First Time Buyer
House prices jump to £283,500 in May
This is up from the 11.9% annual growth recorded in April, or 1.2% higher, according to figures from the Office for National Statistics (ONS) and HM Land Registry.
On a country level, yearly growth was strongest in Wales where house prices rose by 14.4% to £212,414. Northern Ireland saw the lowest uptick with a 10.4% annual rise to £164,590.
A chronic lack of supply appears to be propping up house prices as buyers are willing to pay more to secure properties, industry professionals suggested.
Tomer Aboody, director of MT Finance, said: “With such low numbers of properties coming to the market, it’s not surprising prices continue to rise as buyers compete for limited stock.
“Getting more properties onto the market is key. A restructure of stamp duty might encourage potential sellers to enter the market knowing that the cost of moving, whether upsizing or downsizing, is lower, and therefore more affordable.”
Paul McGerrigan, CEO at national fintech broker Loan.co.uk, said: “A dearth of supply, the continued trend toward remote working, the need for extra space and a buoyant buy-to-let market are still outweighing the negative factors of inflation, rising mortgage rates and uncertainty. The question is for how long.”
Market set to cool
Karen Noye, mortgage spokesperson at Quilter, said a dip in demand could see a slowdown in the housing market over the coming months, and potentially a reversal of prices coming in autumn when “the true scale of the energy crisis unfolds” .
She said: “The UK continues to face a severe financial problem and the housing market will face its biggest challenge yet as the cost-of-living crisis takes hold.”
Sarah Coles, senior personal finance analyst at Hargreaves Lansdown, said: “House prices have risen through the roof again, but look a little closer and the foundations are starting to look shakier.
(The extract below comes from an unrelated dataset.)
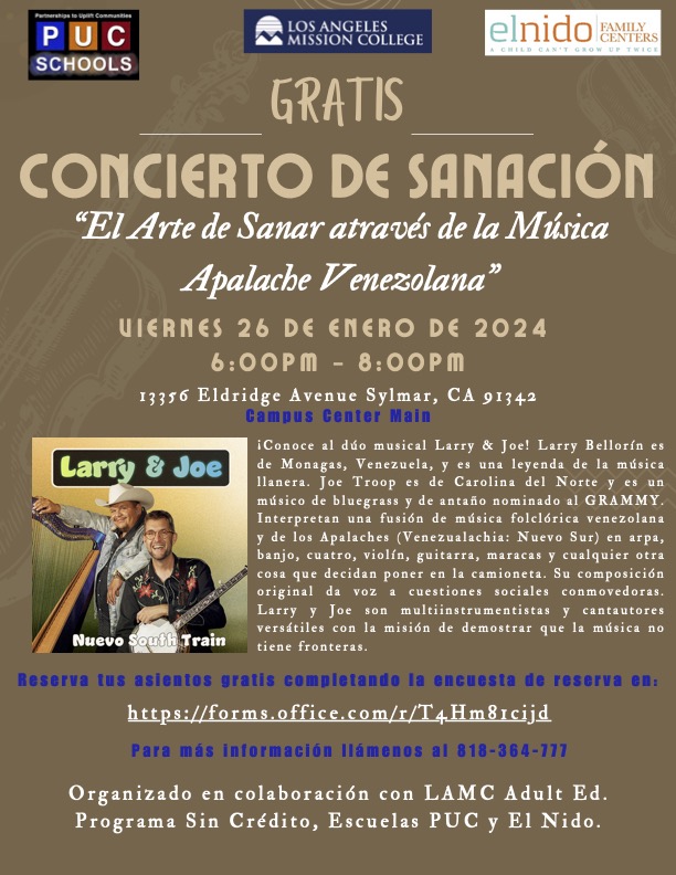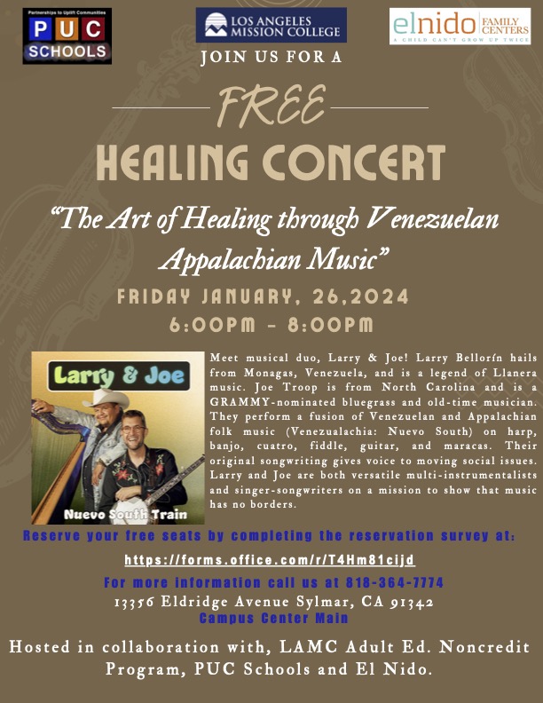 Nuestros invitados destacados son Larry y Joe que visitan Los Ángeles desde Carolina del Norte, interpretando una fusión de Música Folclórica Venezolana y de los Apalaches (Venezualachia: Nuevo Sur) en arpa, banjo, cuatro, violín, guitarra, maracas y cualquier otra cosa que decidan incluir en la mezcla.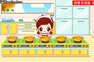 方向键←→控制人物的移动,走到菜单所对应锅的前面,按方向↓会出现水壶,面条,调料等东西,方向键←→选则材料。顺序是先倒水,再加面,然后下调料,做好按空格键给客人。

“Our passion for property has held out against enormous financial pressures for months now, and continues to power higher prices. However, we’re starting to see small changes in the market, which are likely to mean weaker growth in the coming months, especially if interest rates are hiked in August.”
Coles said on the face of it the market appeared strong despite economic uncertainty, but she said there were signs “things are starting to shift”.
She said there was still an imbalance in supply and demand but this was starting to ease with Rightmove statistics showing there were 7% fewer buyers in June and 13% more sellers.
“We’re still seeing a quarter more buyers than the same time in 2019 and 40% fewer sellers, but the gap is closing,” she said.
She also pointed to the slowing down of mortgage approvals, indicating the tempering of buyer demand amid a rise in the number of properties on the market would prompt decelerating house prices.
She added: “We’re unlikely to see a straight line downwards from here. The commercial indices are in for June, with Nationwide showing price rises falling back again, and Halifax showing the fastest rate of growth in 18 years. However, over time, we will see price rises gradually trend downwards.”
Look at the bigger picture
However, Paresh Raja, CEO of Market Financial Solutions, said any predictions of huge shifts in the housing market should be made with caution.
He added that political and economic uncertainty fuelled speculation that the property market will suffer but “we should be wary of predicting any radical shifts”.
He said rising inflation and interest rates could affect buyer and seller confidence, but other factors were at play.
Raja said: “The perennial undersupply of property plays a critical role in keeping prices high, and this is an issue that will take many, many years to tackle. Moreover, we have seen throughout the pandemic that despite a great deal of uncertainty, house prices have risen. This is because many homebuyers and investors often seek out the security of bricks and mortar as an asset to own – a reflection of the long-term trend of property prices rising and rising.
“That is why we should not be too quick to predict a fall, but instead stay alert to the challenges at hand and focus on make informed, diligent decisions before any property investment.”